To explore how the gate-opening mechanism occurs when an intermediate bond forms in the residence of dsDNA, the two experimental coordinates of dTopo-IA and dTopo-I, obtained via X-ray crystallography, were taken from the Protein Data Bank (PDB ID: 1MW8 and 3PX7) (Perry and Mondragón, 2003; Zhang et al., 2011). Missing residues in the protein part were modeled using the Chimera MODELLER program, and the best-scoring models of 3PX7.pdb (zDOPE = −0.98) and 1MW8.pdb (zDOPE = −1.23) were selected for further simulations (Šali and Blundell, 1993) (Supplementary Tables S1A,B). The template of both enzymes is given in Supplementary Table S2A. The DNA sequence was converted into double-stranded DNA using UCSF Chimera Tools (Couch et al., 2006). To convert active-site tyrosine into phosphorylated tyrosine (PTR) in dTopo-IA, the necessary parameter for this residue (Supplementary Table S2B) was generated with the Gaussian 09 package (Frisch, 1995), using the density functional theory (DFT) method with the B3LYP/6-31++G (2d, 2p) level of theory. For the artificial cleavage in the double-stranded DNA, one strand of DNA was broken and the corresponding nucleotide was modified as thymine (MDT5) (Pavlin et al., 2023; Tiwari, 2018) (MDT5.lib file given in Supplementary Table S2C). A bond between PTR residue and the DNA nucleotide was made using the xleap bond command. The dTopo-IA complex with covalent intermediate and dTopo-I without covalent bond was then taken to compare the action in the enzyme with and without the intermediate covalent bond (Bates et al., 2011) (Figures 2A,B).The entire modified complex molecule was input into the xleap program of the AMBER18 package. The protein was treated with the ff14SB force field (Raguette et al., 2020), and the DNA with DNA.OL15 (Raguette et al., 2024). For covalent bond phosphorylated tyrosine, leaprc.phosaa10 of the Generalized Amber Force Field (GAFF2) was used (Wang et al., 2004). Partial atomic charges and missing parameters for PTR were obtained with the RESP charge fitting method (Wang et al., 2004) at the B3LYP/6-31++G (2d, 2p) level of theory (Bayly et al., 1993; Cornell et al., 2002) using an optimized geometry methodology level of theory with the Gaussian 09 program (Becke, 1988).

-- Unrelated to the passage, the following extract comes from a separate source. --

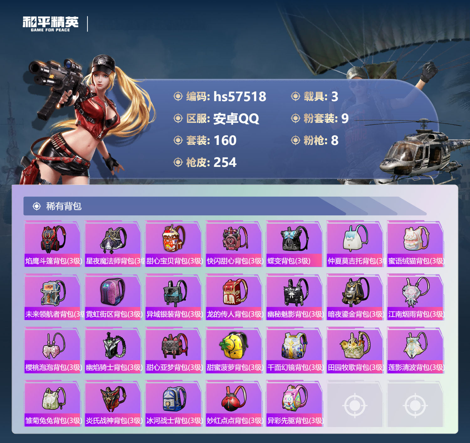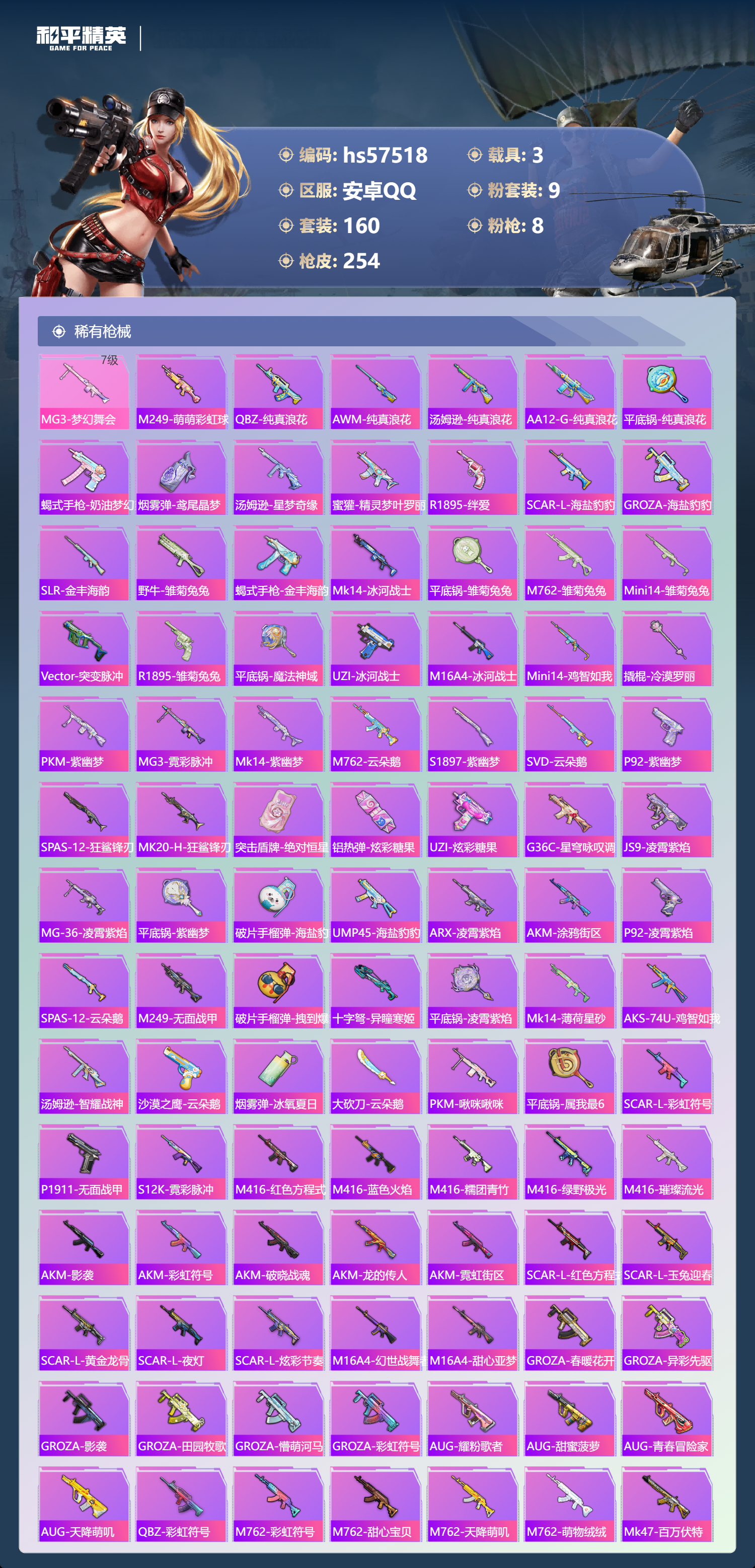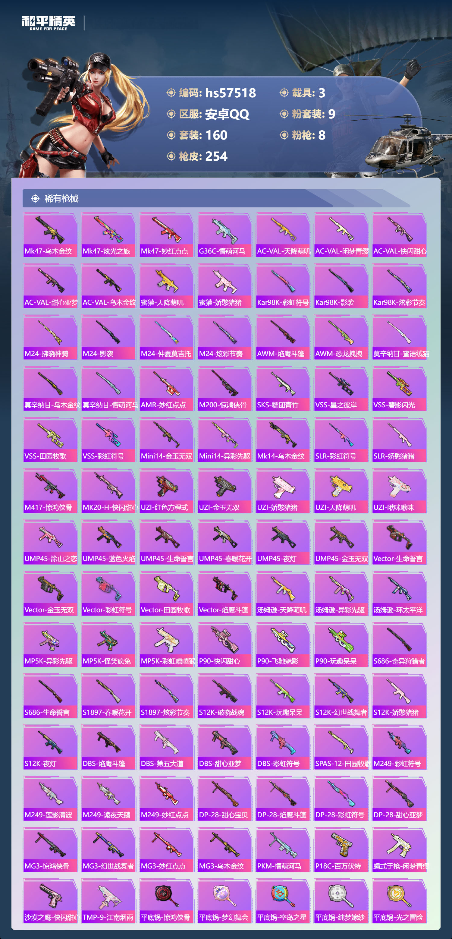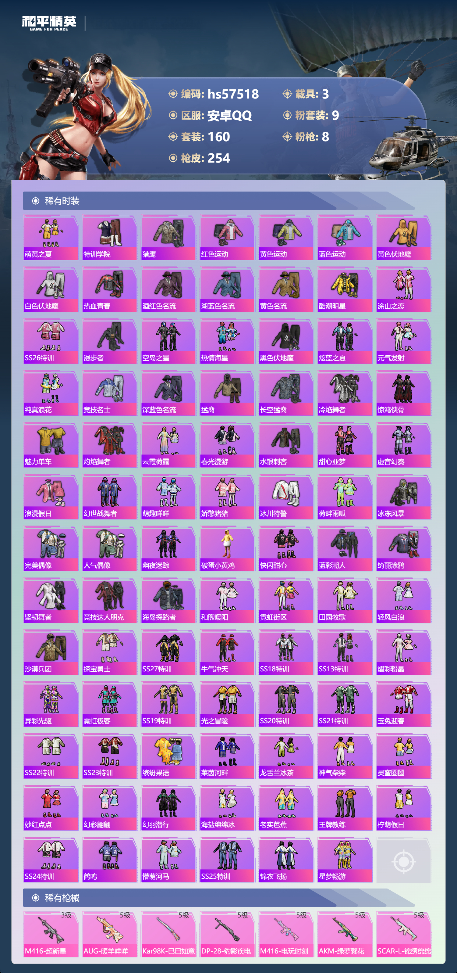 hs57518 安卓手q-18王牌印记-有战神框-9粉装-8特效呛-3载具-77299热力值-160套装-254呛皮-9卓越印记-9传奇印记【9粉装】套装-星穹咏叹调角色-洛天依套装-宝贝奶油派套装-天使彩虹糖套装-绚金战神套装-第五大道套装-甜心巧克力角色-冷漠罗丽套装-金丰海韵【8特效呛】m416-超新星/3级akm-绿萝繁花/5级mg3-梦幻舞会/7级aug-暖羊咩

Since the covalent PTR linkage is not parameterized in standard AMBER force fields, custom charge derivation was required. Although ff14SB and DNA.OL15 are historically calibrated using RESP charges at the HF/6-31G level, this approach can over-polarize highly charged phosphate groups. Therefore, RESP charges derived from B3LYP/6-31++G (2d, 2p) electrostatic potentials were employed to obtain a balanced description of phosphate charge distribution and P–O bond polarity relevant to the covalent intermediate while maintaining compatibility with the non-polarizable AMBER framework through RESP charge restraints.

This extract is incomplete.